You need to do what best for you OP. You don't exist to keep him happy, flatter his ego about his viewpoint or protect him from unreasonable anxieties he has about this- he needs to see a counsellor and work on them, and how to support a healthy relationship, if they are that severe.

Sugarfish · 29/09/2023 10:50

The medication could make you feel really shit at the start and he will notice that. Better to just be honest upfront, it could cause and argument when he finds out you’ve kept him in the dark. In this situation you only need to to do what best for you. You needing medication is a bigger thing than him not agreeing with it just because of someone he knew having a bad experience.

FiveStarHedgehog · 29/09/2023 10:52

I will admit I am someone who will often do things “for an easy life” and can’t be bothered to argue about things that I don’t think should be a given.

Maybe I just need to say “this is what I am doing”

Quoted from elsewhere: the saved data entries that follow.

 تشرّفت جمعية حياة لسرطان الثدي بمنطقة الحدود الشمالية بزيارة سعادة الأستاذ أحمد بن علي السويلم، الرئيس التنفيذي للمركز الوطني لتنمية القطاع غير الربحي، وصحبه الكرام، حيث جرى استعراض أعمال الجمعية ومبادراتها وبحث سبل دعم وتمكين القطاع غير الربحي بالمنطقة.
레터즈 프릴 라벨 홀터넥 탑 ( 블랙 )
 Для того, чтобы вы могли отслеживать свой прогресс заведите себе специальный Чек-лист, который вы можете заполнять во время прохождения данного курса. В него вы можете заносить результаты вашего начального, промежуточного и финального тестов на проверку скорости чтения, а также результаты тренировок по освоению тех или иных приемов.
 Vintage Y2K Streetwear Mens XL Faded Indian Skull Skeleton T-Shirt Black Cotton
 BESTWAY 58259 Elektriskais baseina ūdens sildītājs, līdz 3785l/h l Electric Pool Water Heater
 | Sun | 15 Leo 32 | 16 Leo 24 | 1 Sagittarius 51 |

reflecting, I don’t think I can lie by omission

thanks all

OP posts:
MariePaperRoses · 29/09/2023 10:53

I'm with your husband on this.

Why not try and naturally boost the serotonin in your brain first?

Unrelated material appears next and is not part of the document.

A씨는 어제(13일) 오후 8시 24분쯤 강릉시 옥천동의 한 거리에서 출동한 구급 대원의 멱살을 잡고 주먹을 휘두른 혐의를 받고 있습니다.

5-htp transformed the life of one of my relatives who had thankfully refused the medication the doctor continuously tried to push on him and which we discovered in our own research caused suicide in some.

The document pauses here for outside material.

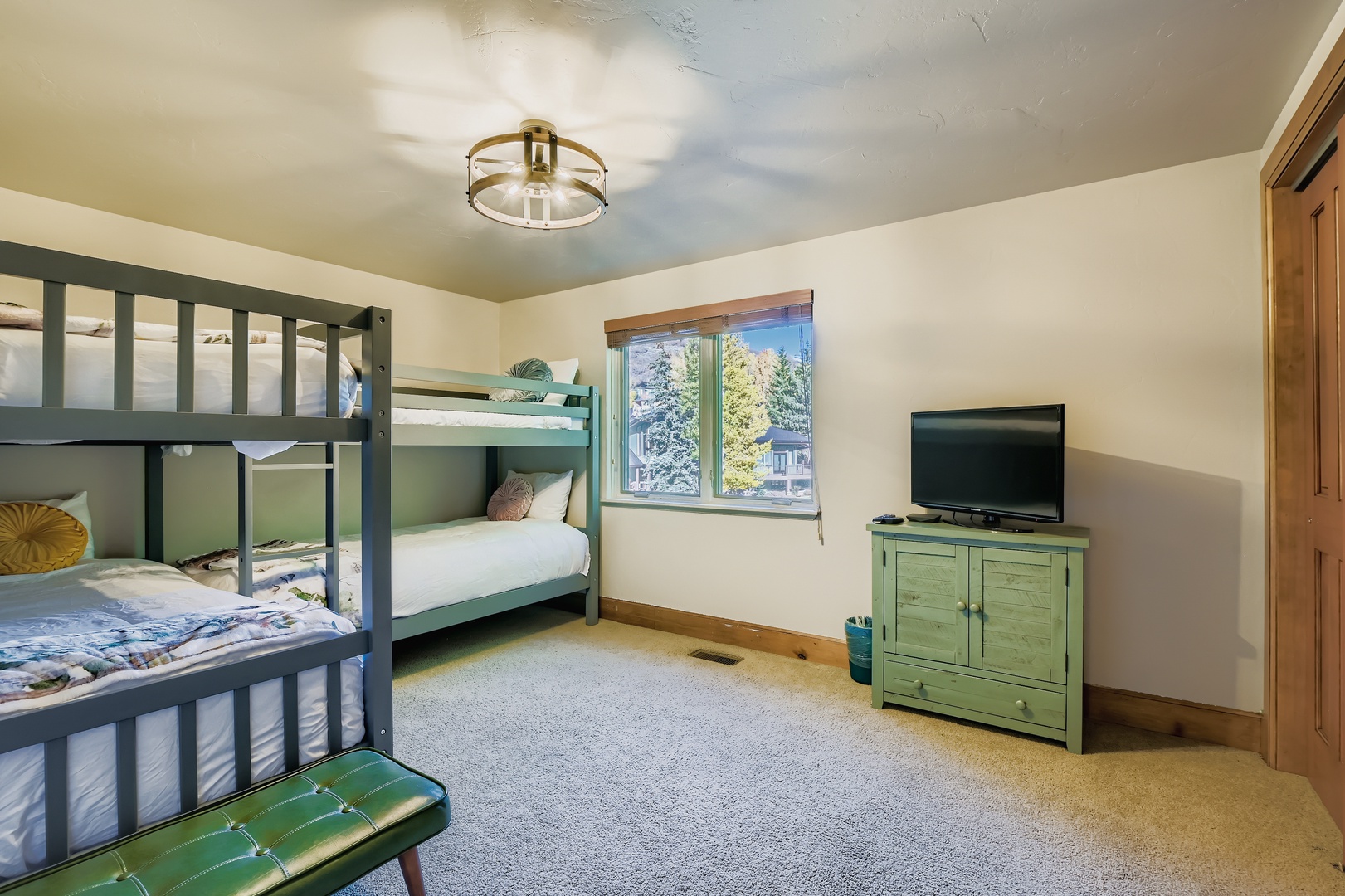 Main floor bunk room: Bunk bed with 2 twin beds and a queen sleeper sofa

Here is one brand, you can research and find other brands and read the reviews.

www.naturesbest.co.uk/herbs-spices/5htp-tablets-100mg/?src=GO5HTPB1C&gclid=CjwKCAjw69moBhBgEiwAUFCx2Fccqh7Fu49xKY-omMjJTwRvEmqFC5T0guKF3iyKXu7-xgzbD2BYcBoC93IQAvD_BwE&gclsrc=aw.ds

FiveStarHedgehog · 29/09/2023 10:54

*that I think should be a given

ie - I don’t think discussion about needed (imo) medication is even necessary and you should just support your partner

OP posts:
BoohooWoohoo · 29/09/2023 10:56

You need to do what is best for YOU, not what is best for everyone.

He clearly has no idea what it's like to have depression, anxiety and PND (lucky him!) and how desperate you are feeling. You should take the medication and not tell him so his doom mongering doesn't force you to stop. It's alarming that he thinks that you can't make a decision over your own body. That is not the attitude of a good, respectful man.

FiveStarHedgehog · 29/09/2023 10:58

@MariePaperRoses the problem with non licensed medication is they are generally not well researched with regards to interaction with other medications - I take medication for my heart that I will need to take for life and cannot risk negative interactions with other substances

OP posts:
Furryrug · 29/09/2023 10:59

I would tell him, if he finds out your doing it behind his back, then it could make matters worse.

Mumtime2 · 29/09/2023 11:00

Anti depressants would be given to you on a dose suited to your needs.
Not everyone is comparable, so I would insist on taking them.
It also can be a temporary measure, and then you will be slowly and correctly taken off them when you choose.
Comparing past people's issues or habits on meds is not the same as your possible experience, which will be monitored.
Take it and relieve the unnecessary struggles.
Do what is right for you.

pointythings · 29/09/2023 11:01

I voted YABU because you need to tell your husband to stop being controlling. This is your decision alone. My DS takes antidepressants. They are lifesavers for him.

FiveStarHedgehog · 29/09/2023 11:02

The plan that has been discussed with my doctor would be a temporary measure and then an appropriately paced withdrawal period. I have other health issues and am closely monitored so I feel confident that any issues will be addressed quickly and taken seriously.

OP posts:
GalileoHumpkins · 29/09/2023 11:04

It's not his business, he has no say on what medications you take. I'm genuinely shocked that he would try and stop you.
He says “maybe you are just made to function at that level”
A husband that doesn't believe you deserve to be at 100% is a bit of a twat really.